The advantage of MapReduce is that it allows for distributed processing of the map and reduction operations. Provided each mapping operation is independent of the other, all maps can be performed in parallel – though in practice it is limited by the data source and/or the number of CPUs near that data. Similarly, a set of ‘reducers’ can perform the reduction phase – all that is required is that all outputs of the map operation which share the same key are presented to the same reducer, at the same time. While this process can often appear inefficient compared to algorithms that are more sequential, MapReduce can be applied to significantly larger datasets than “commodity” servers can handle – a large server farm can use MapReduce to sort a petabyte of data in only a few hours. The parallelism also offers some possibility of recovering from partial failure of servers or storage during the operation: if one mapper or reducer fails, the work can be rescheduled — assuming the input data is still available.
[edit] Logical view
The Map and Reduce functions of MapReduce are both defined with respect to data structured in (key, value) pairs. Map takes one pair of data with a type in one data domain, and returns a list of pairs in a different domain:
Map(k1,v1) -> list(k2,v2)
The Map function is applied in parallel to every item in the input dataset. This produces a list of (k2,v2) pairs for each call. After that, the MapReduce framework collects all pairs with the same key from all lists and groups them together, thus creating one group for each one of the different generated keys.
The Reduce function is then applied in parallel to each group, which in turn produces a collection of values in the same domain:
Reduce(k2, list (v2)) -> list(v3)
Each Reduce call typically produces either one value v3 or an empty return, though one call is allowed to return more than one value. The returns of all calls are collected as the desired result list.
Thus the MapReduce framework transforms a list of (key, value) pairs into a list of values. This behavior is different from the functional programming map and reduce combination, which accepts a list of arbitrary values and returns one single value that combines all the values returned by map.
It is necessary but not sufficient to have implementations of the map and reduce abstractions in order to implement MapReduce. Distributed implementations of MapReduce require a means of connecting the processes performing the Map and Reduce phases. This may be a distributed file system. Other options are possible, such as direct streaming from mappers to reducers, or for the mapping processors to serve up their results to reducers that query them.
[edit] Example
The canonical example application of MapReduce is a process to count the appearances of each different word in a set of documents:
void map(String name, String document): // name: document name // document: document contents for each word w in document: EmitIntermediate(w, "1"); void reduce(String word, Iterator partialCounts): // word: a word // partialCounts: a list of aggregated partial counts int result = 0; for each pc in partialCounts: result += ParseInt(pc); Emit(AsString(result));
Here, each document is split in words, and each word is counted initially with a “1” value by the Map function, using the word as the result key. The framework puts together all the pairs with the same key and feeds them to the same call to Reduce, thus this function just needs to sum all of its input values to find the total appearances of that word.
[edit] Dataflow
The frozen part of the MapReduce framework is a large distributed sort. The hot spots, which the application defines, are:
- an input reader
- a Map function
- a partition function
- a compare function
- a Reduce function
- an output writer
[edit] Input reader
The input reader divides the input into appropriate size ‘splits’ (in practice typically 16MB to 128MB) and the framework assigns one split to each Map function. The input reader reads data from stable storage (typically a distributed file system) and generates key/value pairs.

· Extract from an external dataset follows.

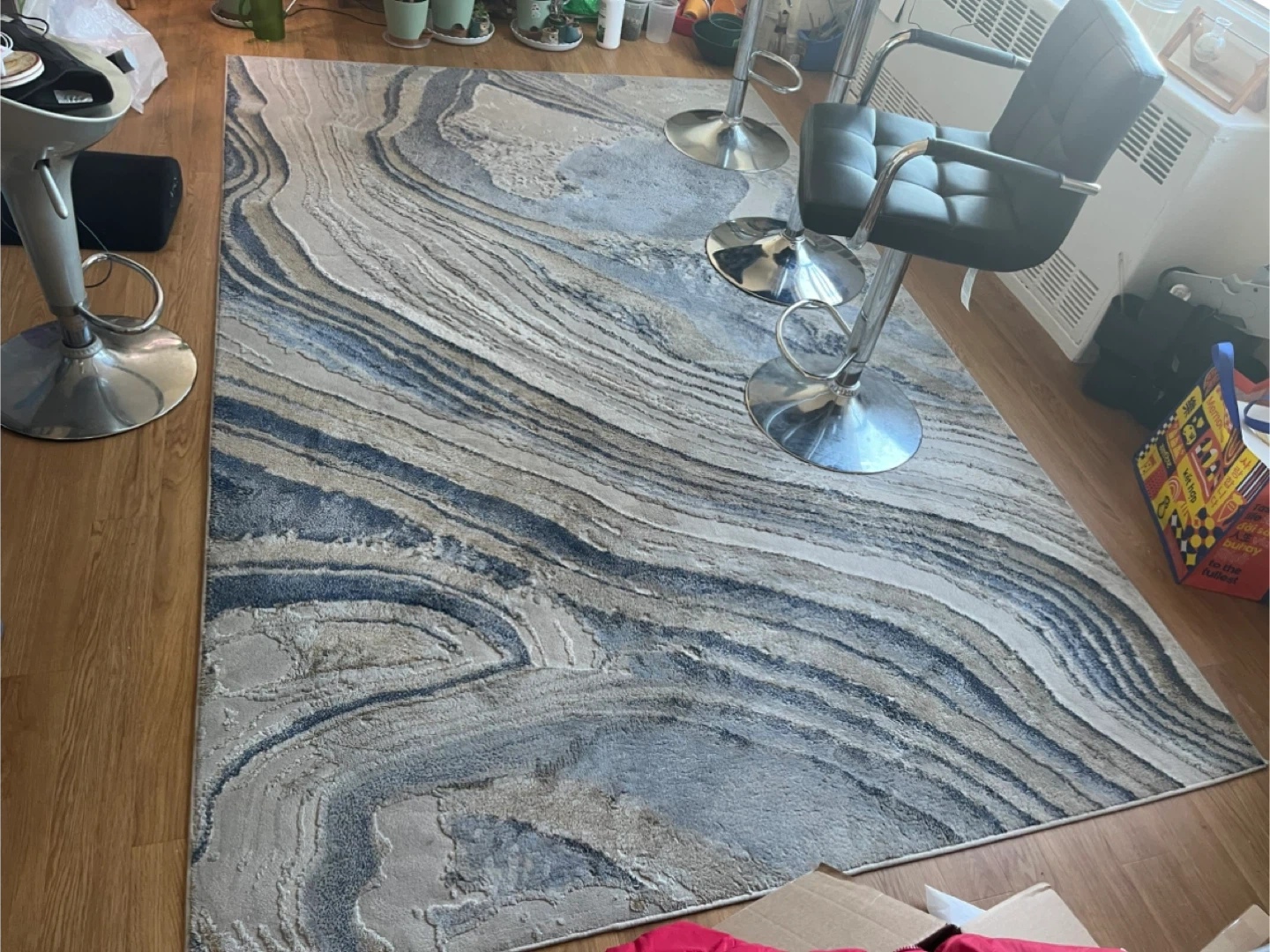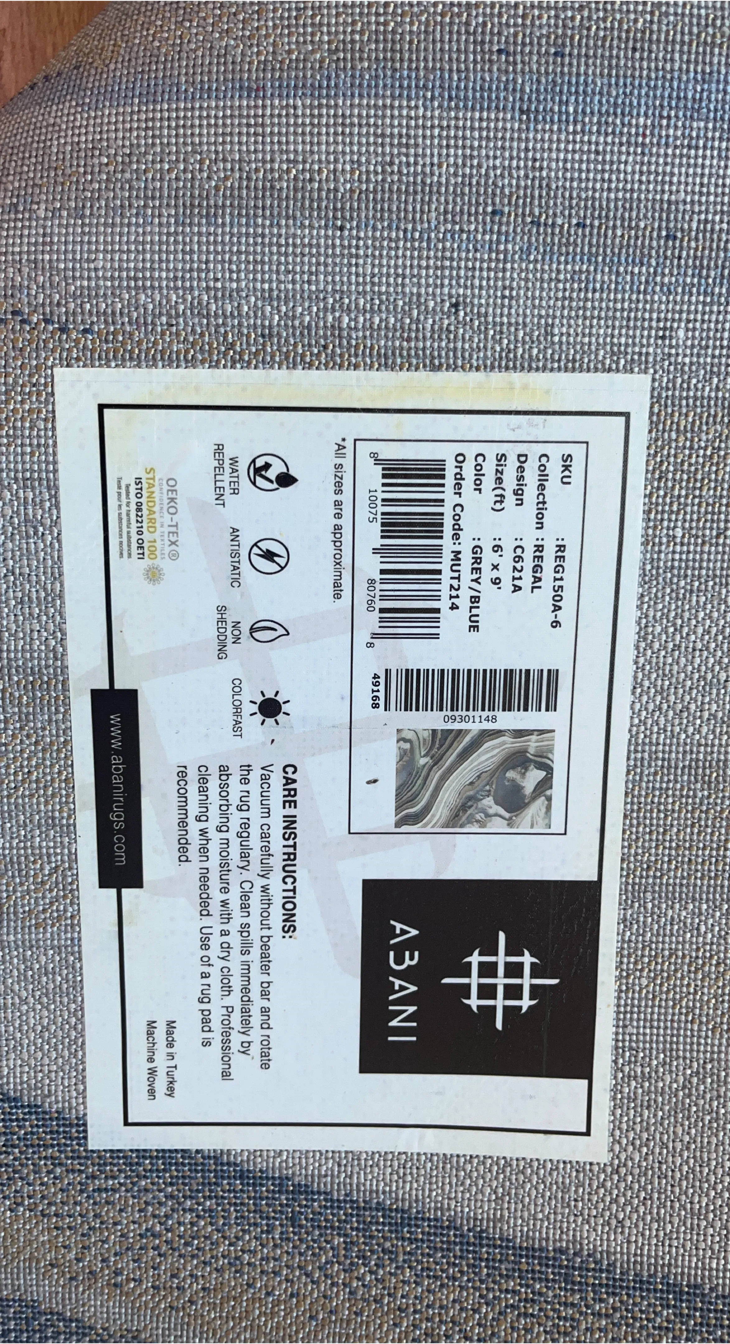 Selling an Abani Regal area rug! It's in great condition and ready for a new home. The rug is 5'3" x 7'6" and features a beautiful grey/blue color scheme. It's also water repellent, anti-static, and non-shedding

A common example will read a directory full of text files and return each line as a record.
[edit] Map function
Each Map function takes a series of key/value pairs, processes each, and generates zero or more output key/value pairs. The input and output types of the map can be (and often are) different from each other.
If the application is doing a word count, the map function would break the line into words and output the word as the key and “1” as the value.
[edit] Partition function
Each Map function output is allocated to a particular reducer by the application’s partition function. The partition function is given the key and the number of reducers and returns the index of the desired reduce.
A typical default is to hash the key and modulo the number of reducers.
[edit] Comparison function
The input for each Reduce is pulled from the machine where the Map ran and sorted using the application’s comparison function.
[edit] Reduce function
The framework calls the application’s Reduce function once for each unique key in the sorted order. The Reduce can iterate through the values that are associated with that key and output 0 or more values.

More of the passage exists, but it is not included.